(Materials provided)

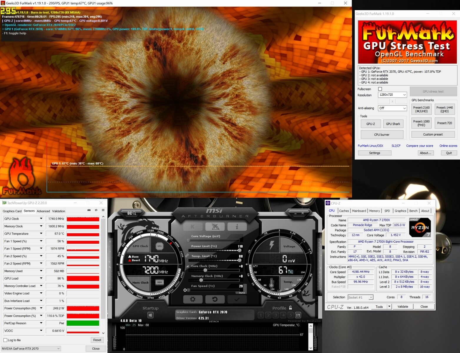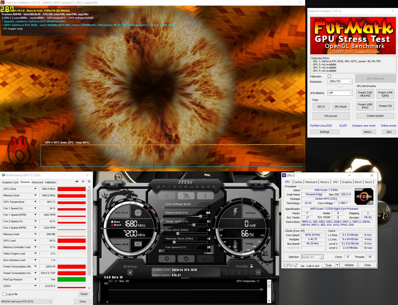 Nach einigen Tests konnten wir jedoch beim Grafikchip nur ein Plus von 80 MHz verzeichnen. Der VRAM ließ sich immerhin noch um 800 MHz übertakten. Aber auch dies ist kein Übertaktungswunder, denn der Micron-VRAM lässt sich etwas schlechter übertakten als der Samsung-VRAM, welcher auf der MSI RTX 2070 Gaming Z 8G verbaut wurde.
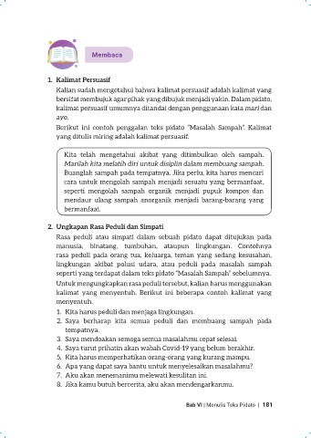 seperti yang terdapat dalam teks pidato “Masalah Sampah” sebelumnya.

(End Materials provided)
(Materials provided)

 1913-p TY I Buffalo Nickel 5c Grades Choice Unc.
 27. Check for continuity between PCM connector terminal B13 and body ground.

(End Materials provided)

* Goal of the exercise *
Here the job is to copy the listing above word for word, starting at the line with "Nach einigen Tests" and ending at the line with "seperti yang terdapat", and to leave out the pictures.

* Written solution *
 Nach einigen Tests konnten wir jedoch beim Grafikchip nur ein Plus von 80 MHz verzeichnen. Der VRAM ließ sich immerhin noch um 800 MHz übertakten. Aber auch dies ist kein Übertaktungswunder, denn der Micron-VRAM lässt sich etwas schlechter übertakten als der Samsung-VRAM, welcher auf der MSI RTX 2070 Gaming Z 8G verbaut wurde.
 seperti yang terdapat dalam teks pidato “Masalah Sampah” sebelumnya.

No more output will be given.